◆ **PROBLEM DESCRIPTION**:
Pictures found in the material must be left out, and every line returned as written.

◆ **DATASET SECTION**:

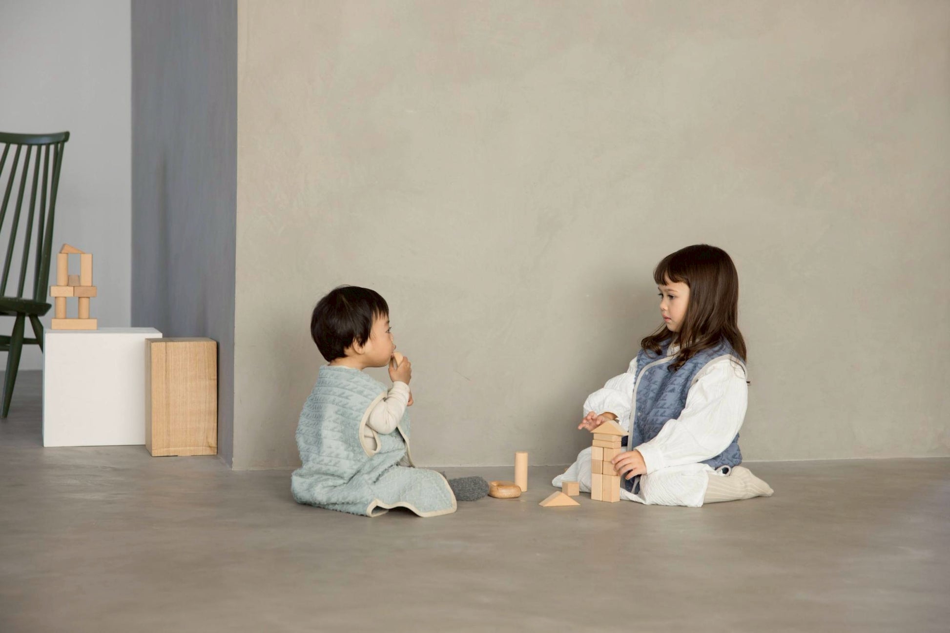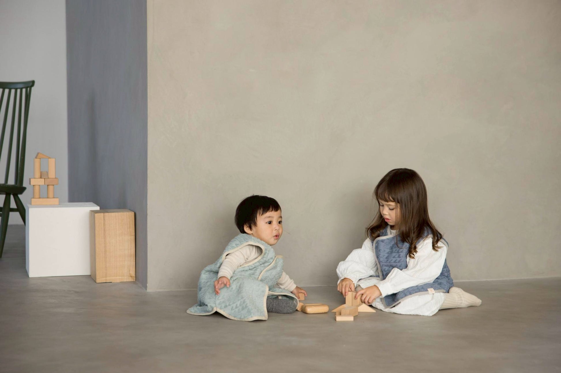 とっておきのふわふわベスト。長くお使いいただけるゆったりとしたサイズ感で、ベビーのスリーパーやキッズのベストとしておすすめです。
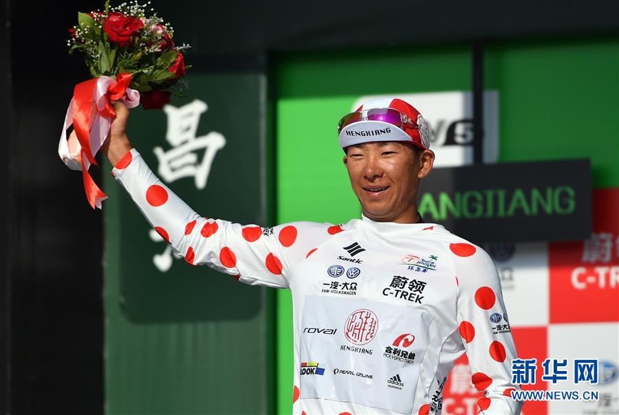10月30日,获得赛段爬坡王的中国恒翔洲际自行车队车手吕先景在颁奖台上身着圆点衫庆祝。 新华社记者郭程摄
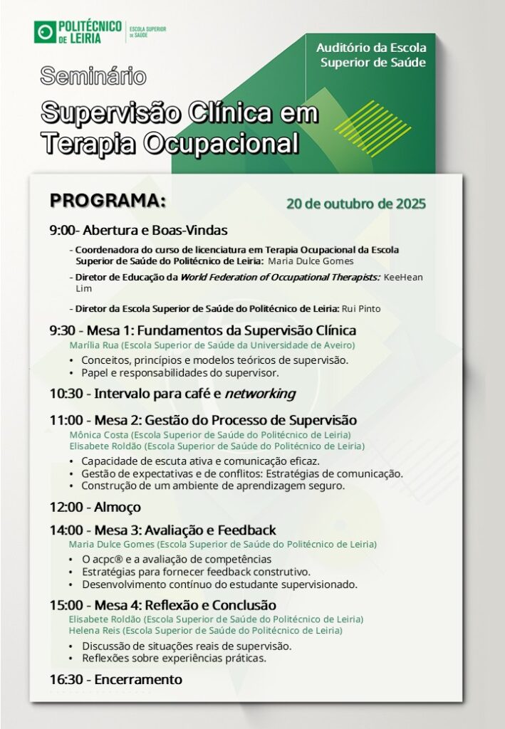 A investigadora Marília Rua (CIDTFF, ESSUA) participou no Seminário “Supervisão Clínica em Terapia Ocupacional” que teve lugar na Escola Superior de Saúde do Instituto Politécnico de Leiria (IP Leiria ESS), no dia 20 de outubro de 2025.
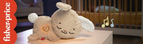 Plyšový přenosný králíček se zklidňující hudbou od Fisher-Price® je měkká a příjemná dětská senzorická hračka, která pomocí pohybu a zvuku pomáhá uklidnit a utěšit vaše děťátko. Když králíček začne zívat a "usínat", jeho hlava se rytmicky kýve dopředu a dozadu, což pomáhá uklidnit i vaše děťátko. Tento plně přizpůsobitelný stolní usínáček má 5 různých možností uklidňujícího zvuku a měkké svítící světlo.

◆ **RESPONSE TO THIS TASK**:
 とっておきのふわふわベスト。長くお使いいただけるゆったりとしたサイズ感で、ベビーのスリーパーやキッズのベストとしておすすめです。
10月30日,获得赛段爬坡王的中国恒翔洲际自行车队车手吕先景在颁奖台上身着圆点衫庆祝。 新华社记者郭程摄
 A investigadora Marília Rua (CIDTFF, ESSUA) participou no Seminário “Supervisão Clínica em Terapia Ocupacional” que teve lugar na Escola Superior de Saúde do Instituto Politécnico de Leiria (IP Leiria ESS), no dia 20 de outubro de 2025.
 Plyšový přenosný králíček se zklidňující hudbou od Fisher-Price® je měkká a příjemná dětská senzorická hračka, která pomocí pohybu a zvuku pomáhá uklidnit a utěšit vaše děťátko. Když králíček začne zívat a "usínat", jeho hlava se rytmicky kýve dopředu a dozadu, což pomáhá uklidnit i vaše děťátko. Tento plně přizpůsobitelný stolní usínáček má 5 různých možností uklidňujícího zvuku a měkké svítící světlo.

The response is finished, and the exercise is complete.